DATASET EXTRACT ->
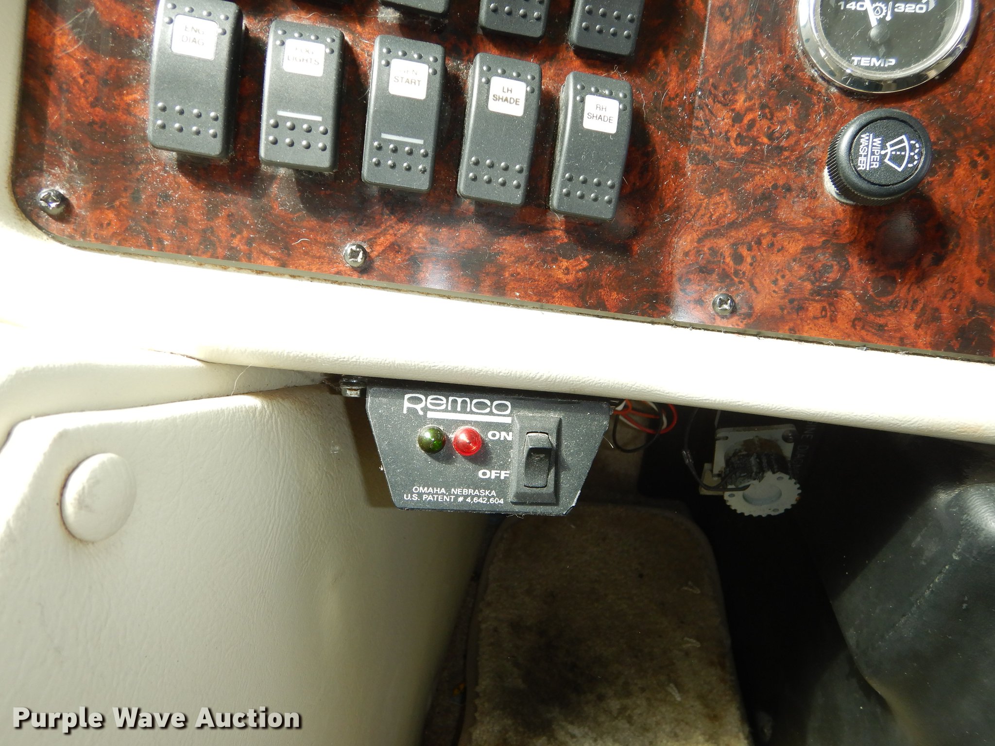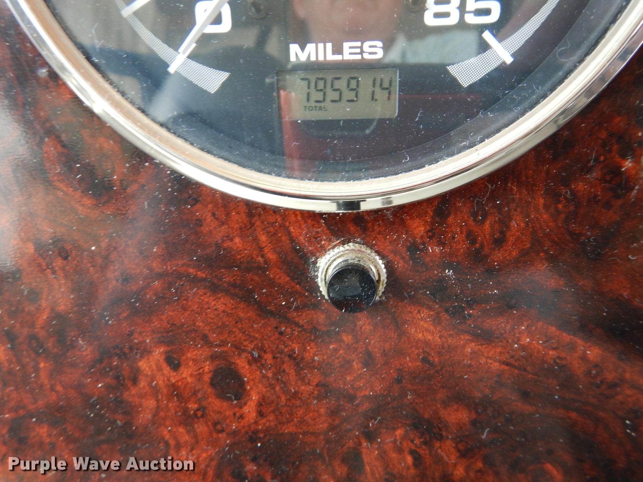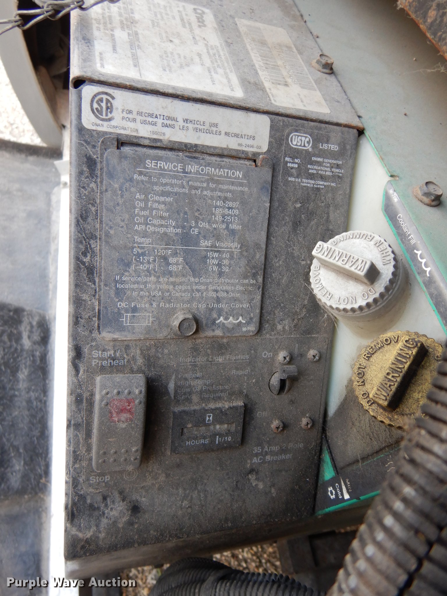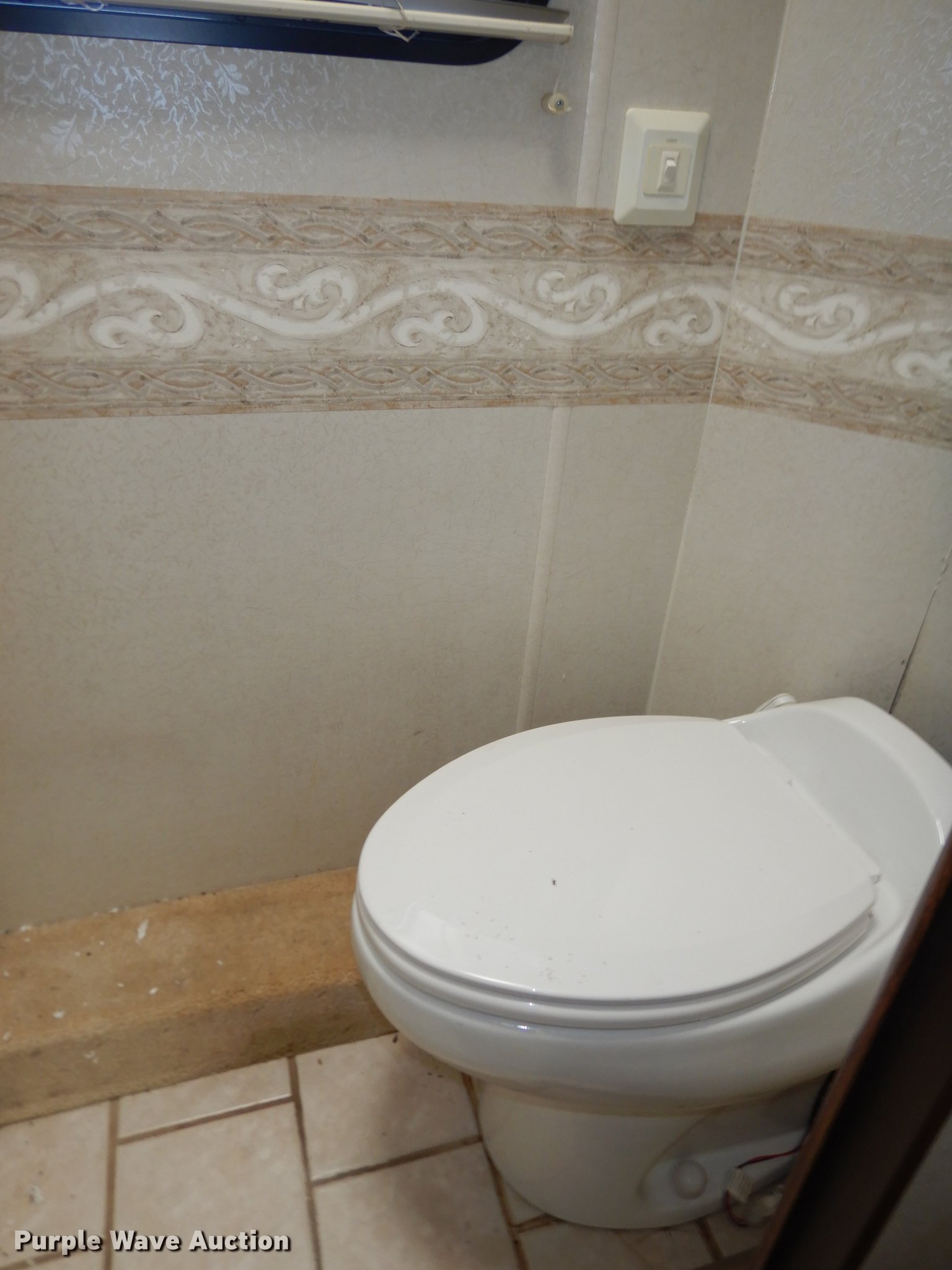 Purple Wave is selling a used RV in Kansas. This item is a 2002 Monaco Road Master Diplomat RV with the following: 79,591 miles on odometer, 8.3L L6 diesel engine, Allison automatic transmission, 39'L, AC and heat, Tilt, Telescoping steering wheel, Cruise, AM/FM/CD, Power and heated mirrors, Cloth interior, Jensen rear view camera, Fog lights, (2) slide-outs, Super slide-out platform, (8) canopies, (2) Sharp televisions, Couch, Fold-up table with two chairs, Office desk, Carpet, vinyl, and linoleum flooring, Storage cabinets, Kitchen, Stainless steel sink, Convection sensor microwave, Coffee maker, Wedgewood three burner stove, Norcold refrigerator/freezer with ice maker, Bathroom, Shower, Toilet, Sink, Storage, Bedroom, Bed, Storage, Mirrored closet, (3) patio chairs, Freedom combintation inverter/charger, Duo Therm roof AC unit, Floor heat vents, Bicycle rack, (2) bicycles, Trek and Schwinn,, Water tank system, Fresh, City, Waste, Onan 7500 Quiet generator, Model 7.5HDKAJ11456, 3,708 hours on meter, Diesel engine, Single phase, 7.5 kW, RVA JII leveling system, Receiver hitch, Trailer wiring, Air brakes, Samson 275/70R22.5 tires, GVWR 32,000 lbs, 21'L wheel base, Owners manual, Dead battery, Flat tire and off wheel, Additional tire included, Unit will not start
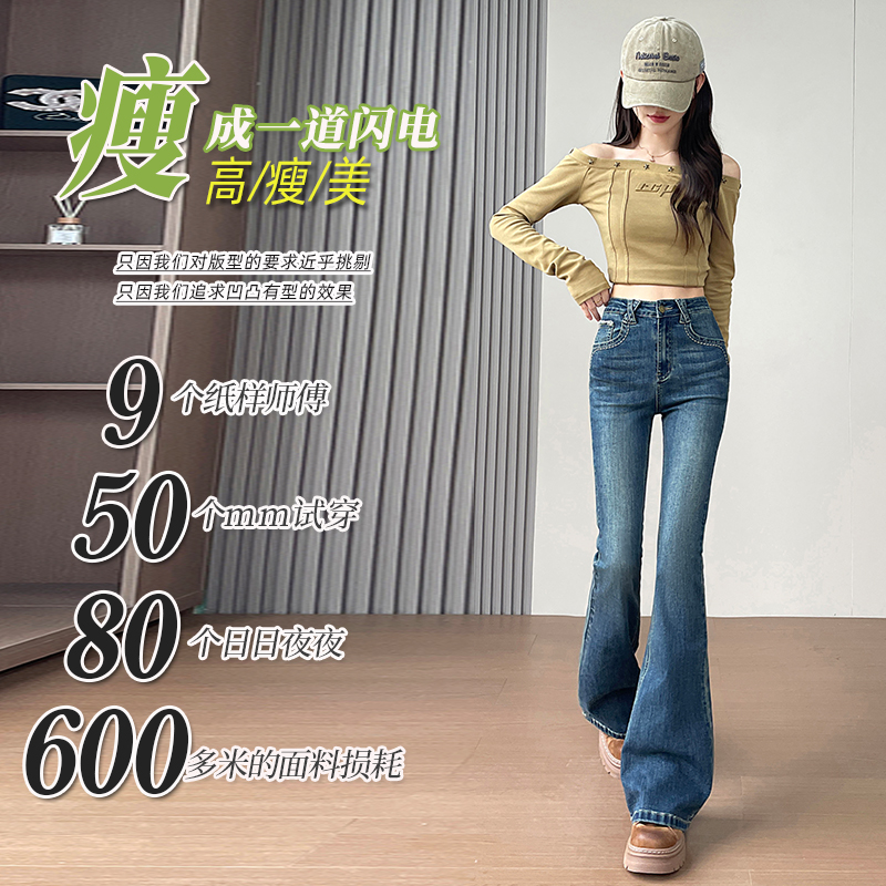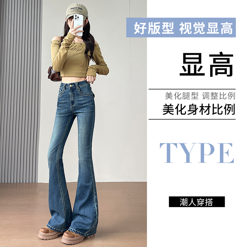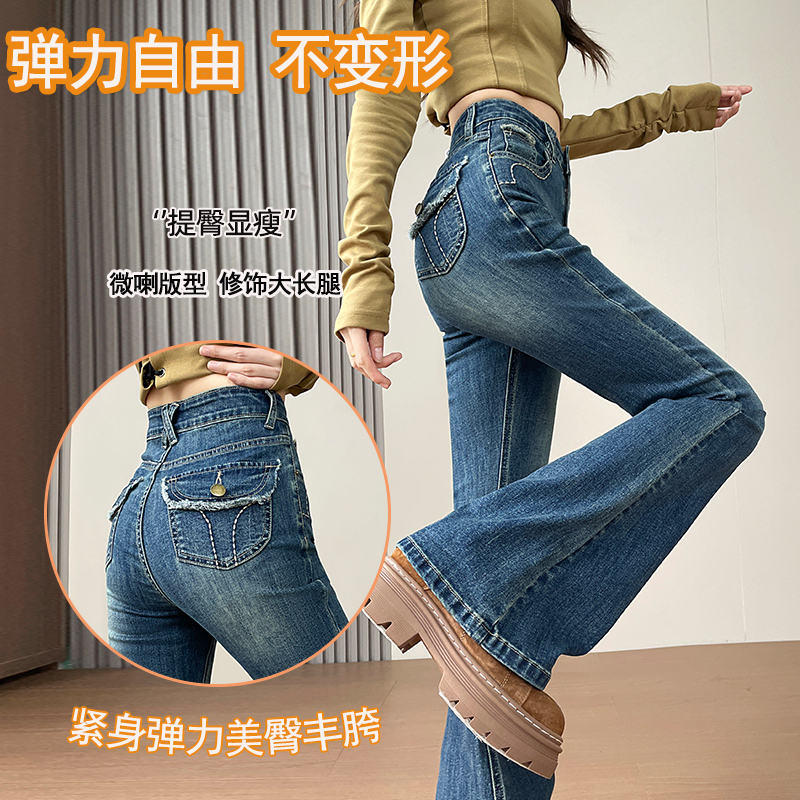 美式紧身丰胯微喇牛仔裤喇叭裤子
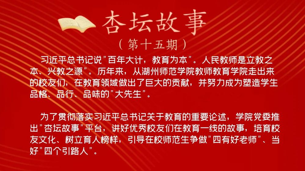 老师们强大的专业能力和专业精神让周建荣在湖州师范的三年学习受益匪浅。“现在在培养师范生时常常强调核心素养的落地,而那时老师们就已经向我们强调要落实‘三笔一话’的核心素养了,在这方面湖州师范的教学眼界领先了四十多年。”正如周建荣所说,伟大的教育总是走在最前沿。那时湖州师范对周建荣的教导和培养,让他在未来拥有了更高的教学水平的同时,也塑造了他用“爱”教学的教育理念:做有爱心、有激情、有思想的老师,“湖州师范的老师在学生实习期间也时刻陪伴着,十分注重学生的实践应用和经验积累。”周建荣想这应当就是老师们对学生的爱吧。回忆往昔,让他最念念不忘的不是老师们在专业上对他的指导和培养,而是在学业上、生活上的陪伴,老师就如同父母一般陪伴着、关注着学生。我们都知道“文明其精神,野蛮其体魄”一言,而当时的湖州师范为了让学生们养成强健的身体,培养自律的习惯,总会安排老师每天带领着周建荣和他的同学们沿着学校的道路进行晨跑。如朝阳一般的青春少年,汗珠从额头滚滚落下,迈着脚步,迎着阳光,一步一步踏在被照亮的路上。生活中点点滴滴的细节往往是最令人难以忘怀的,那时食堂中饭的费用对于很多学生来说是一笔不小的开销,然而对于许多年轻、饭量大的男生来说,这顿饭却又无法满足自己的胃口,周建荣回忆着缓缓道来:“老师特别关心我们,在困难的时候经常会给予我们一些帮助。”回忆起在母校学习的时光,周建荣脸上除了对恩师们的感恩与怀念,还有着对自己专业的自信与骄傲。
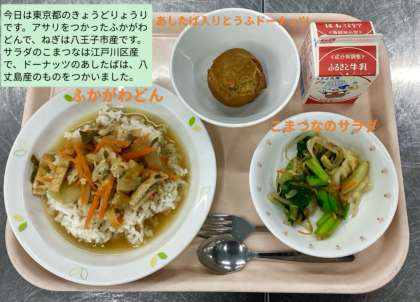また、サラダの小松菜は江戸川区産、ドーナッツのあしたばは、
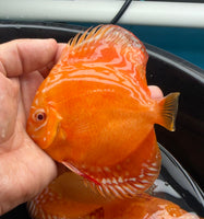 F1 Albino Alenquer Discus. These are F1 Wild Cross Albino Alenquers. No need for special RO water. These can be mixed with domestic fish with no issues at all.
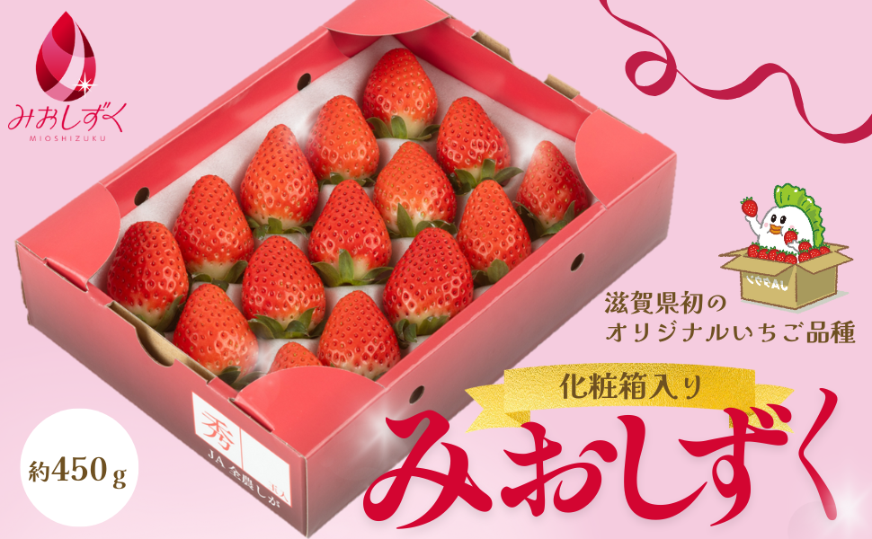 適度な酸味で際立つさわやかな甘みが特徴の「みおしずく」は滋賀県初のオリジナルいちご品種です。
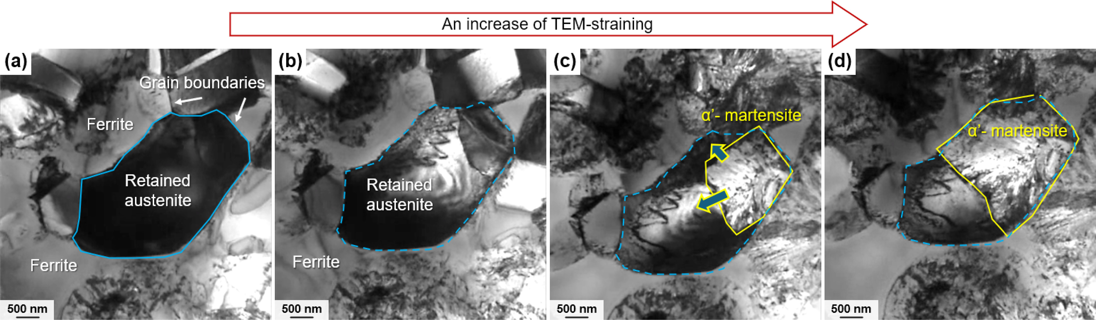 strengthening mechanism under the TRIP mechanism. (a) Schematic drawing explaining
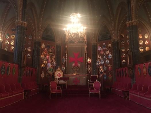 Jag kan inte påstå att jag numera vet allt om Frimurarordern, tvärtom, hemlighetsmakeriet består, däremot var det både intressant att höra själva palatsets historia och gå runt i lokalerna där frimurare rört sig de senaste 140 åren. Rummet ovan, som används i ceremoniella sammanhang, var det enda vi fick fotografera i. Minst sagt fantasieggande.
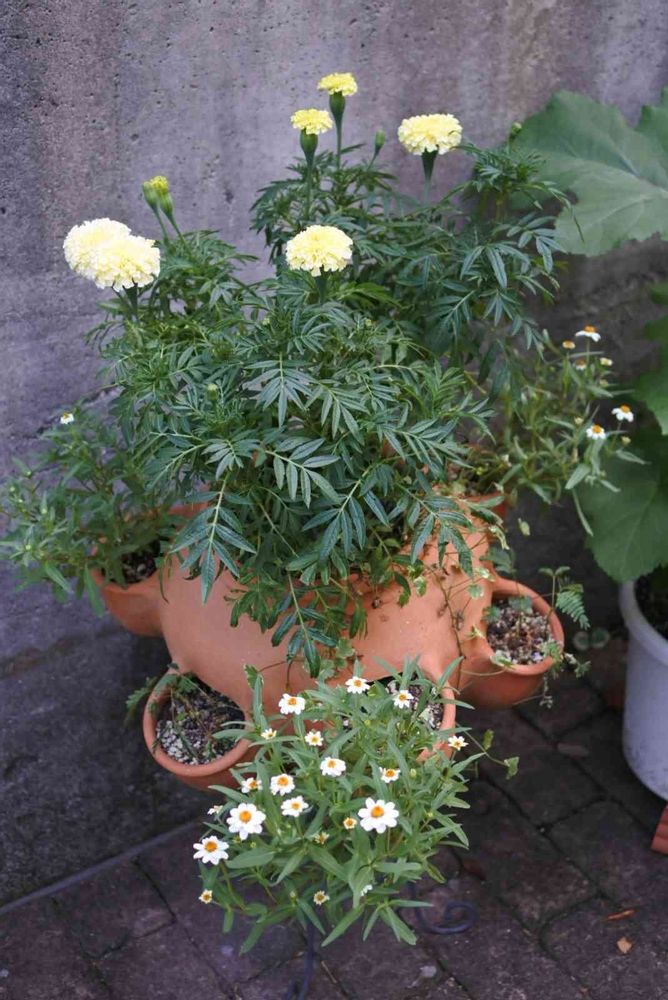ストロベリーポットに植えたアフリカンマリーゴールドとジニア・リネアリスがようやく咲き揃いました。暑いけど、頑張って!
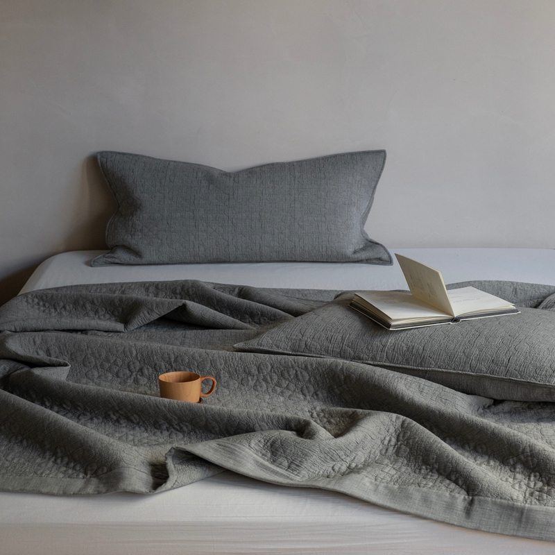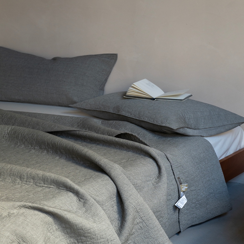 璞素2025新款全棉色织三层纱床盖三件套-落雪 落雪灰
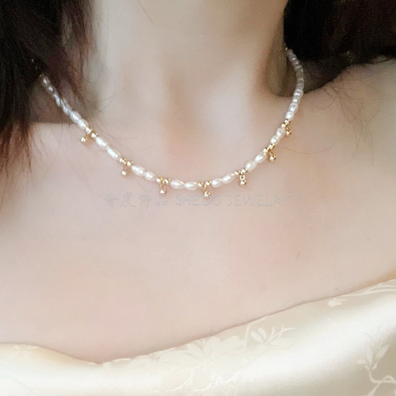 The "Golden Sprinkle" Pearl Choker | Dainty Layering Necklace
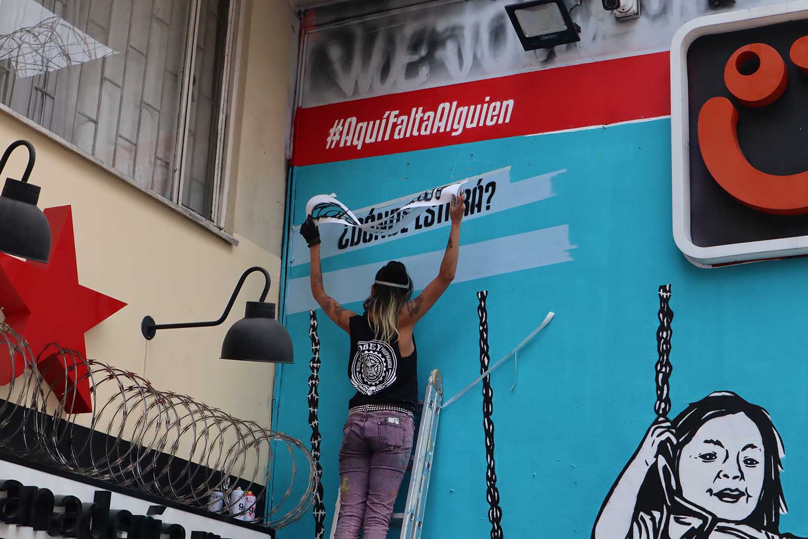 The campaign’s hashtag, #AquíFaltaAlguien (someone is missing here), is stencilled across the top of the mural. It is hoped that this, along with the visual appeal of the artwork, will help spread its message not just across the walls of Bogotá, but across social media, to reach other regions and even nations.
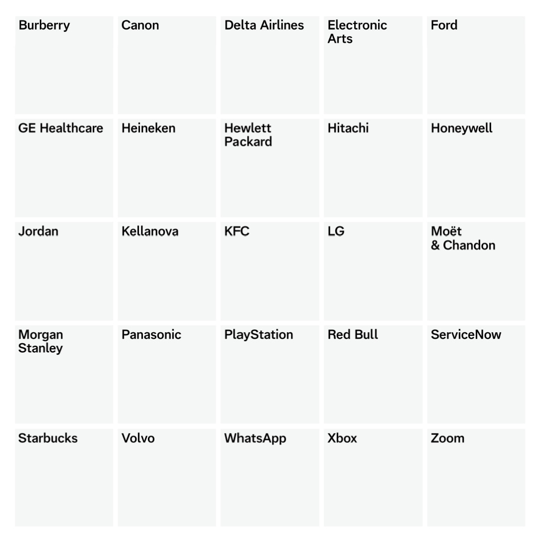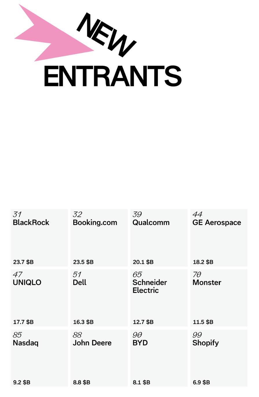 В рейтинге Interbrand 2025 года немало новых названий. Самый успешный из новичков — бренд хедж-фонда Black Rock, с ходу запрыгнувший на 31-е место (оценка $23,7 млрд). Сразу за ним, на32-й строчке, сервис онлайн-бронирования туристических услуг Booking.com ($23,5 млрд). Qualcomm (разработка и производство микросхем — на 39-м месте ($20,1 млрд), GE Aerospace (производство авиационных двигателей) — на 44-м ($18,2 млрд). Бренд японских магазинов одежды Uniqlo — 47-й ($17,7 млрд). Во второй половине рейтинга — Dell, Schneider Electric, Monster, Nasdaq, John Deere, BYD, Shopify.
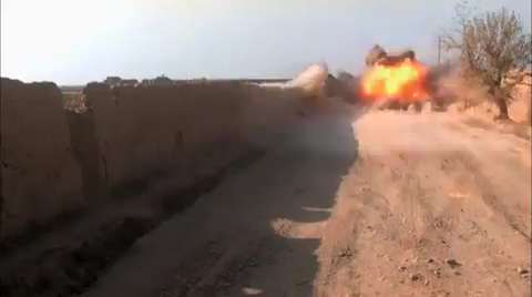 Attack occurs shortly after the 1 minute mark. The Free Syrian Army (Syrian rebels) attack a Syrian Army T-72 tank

INSTRUCTIONS FOR THE TASK -> Among the lines above, the one with "F1 Albino Alenquer" opens the part to repeat and the one with "strengthening mechanism under" closes it; repeat only that part exactly, with no pictures.

RESULT ->
 F1 Albino Alenquer Discus. These are F1 Wild Cross Albino Alenquers. No need for special RO water. These can be mixed with domestic fish with no issues at all.
 適度な酸味で際立つさわやかな甘みが特徴の「みおしずく」は滋賀県初のオリジナルいちご品種です。
 strengthening mechanism under the TRIP mechanism. (a) Schematic drawing explaining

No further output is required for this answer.